In form declaration:
private DataView shadowView;
In form initialization:
this.comboBox1.DisplayMember = "Value";
this.comboBox1.ValueMember = "Key";
this.shadowView = new DataView(GlobalData.TheGlobalTable, null, "LastModified DESC", DataViewRowState.CurrentRows);
this.shadowView.ListChanged += new ListChangedEventHandler(shadowView_ListChanged);
this.ResetComboBoxDataSource(null);
And then the hack:
private void shadowView_ListChanged(object sender, ListChangedEventArgs e)
{
this.ResetComboBoxDataSource((int)this.comboBox1.SelectedValue);
}
private void ResetComboBoxDataSource(int? selectedId)
{
int selectedIndex = 0;
var detached = new KeyValuePair<int, string>[this.shadowView.Count];
for (int i = 0; i < this.shadowView.Count; i++)
{
int id = (int)this.shadowView[i]["ID"];
detached[i] = new KeyValuePair<int, string>(id, (string)this.shadowView[i]["Name"]);
if (id == selectedId)
{
selectedIndex = i;
}
}
this.comboBox1.DataSource = detached;
this.comboBox1.SelectedIndex = selectedIndex;
}
Must detach event handler in Dispose:
this.shadowView.ListChanged -= new ListChangedEventHandler(shadowView_ListChanged);
Your example sorts the data on the column it updates.
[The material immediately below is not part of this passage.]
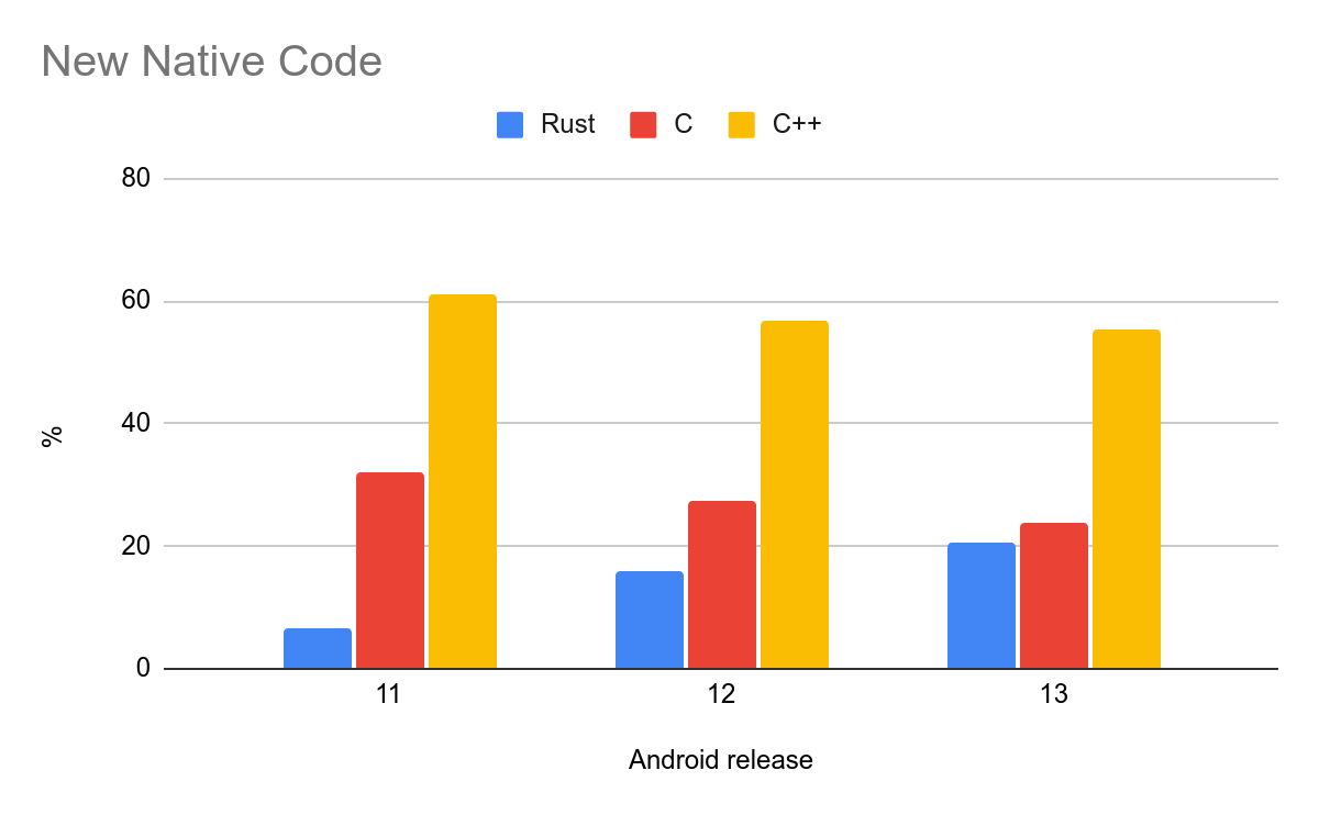 Android 13 is the first Android release where a majority of new code added to the release is in a memory safe language.

When the update occurs, the order of the rows changes. The combobox is using the index to keep track of it's selected items, so when the items are sorted, the index is pointing to a different row. You'll need to capture the value of comboxBox1.SelectedItem before updating the row, and set it back once the update is complete:
DataRowView selected = (DataRowView)this.comboBox1.SelectedItem;
this.myData.Rows[0]["LastModified"] = DateTime.Now;
this.comboBox1.SelectedItem = selected;
From an architecture perspective, the SelectedItem must be cleared when rebinding the DataSource because the DataBinder don't know if your SelectedItem will persist or not.
From a functional perspective, the DataBinder may not be able to ensure that your SelectedItem from you old DataSource is the same in your new DataSource (it can be a different DataSource with the same SelectedItem ID).
Its more an application feature or a custom control feature than a generic databinding process.
IMHO, you have theses choices if you want to keep the SelectedItem on rebind :
Create a reusable custom control / custom DataBinder with a persistance option which try to set the SelectedItem with all your data validation (using a DataSource / item identification to ensure the item validity)
Persist it specifically on your Form using the Form/Application context (like ViewState for ASP.NET).
Some controls on the .NET market are helping you by rebinding (including selections) the control from their own persisted DataSource if the DataSource is not changed and DataBind not recalled. That's the best pratice.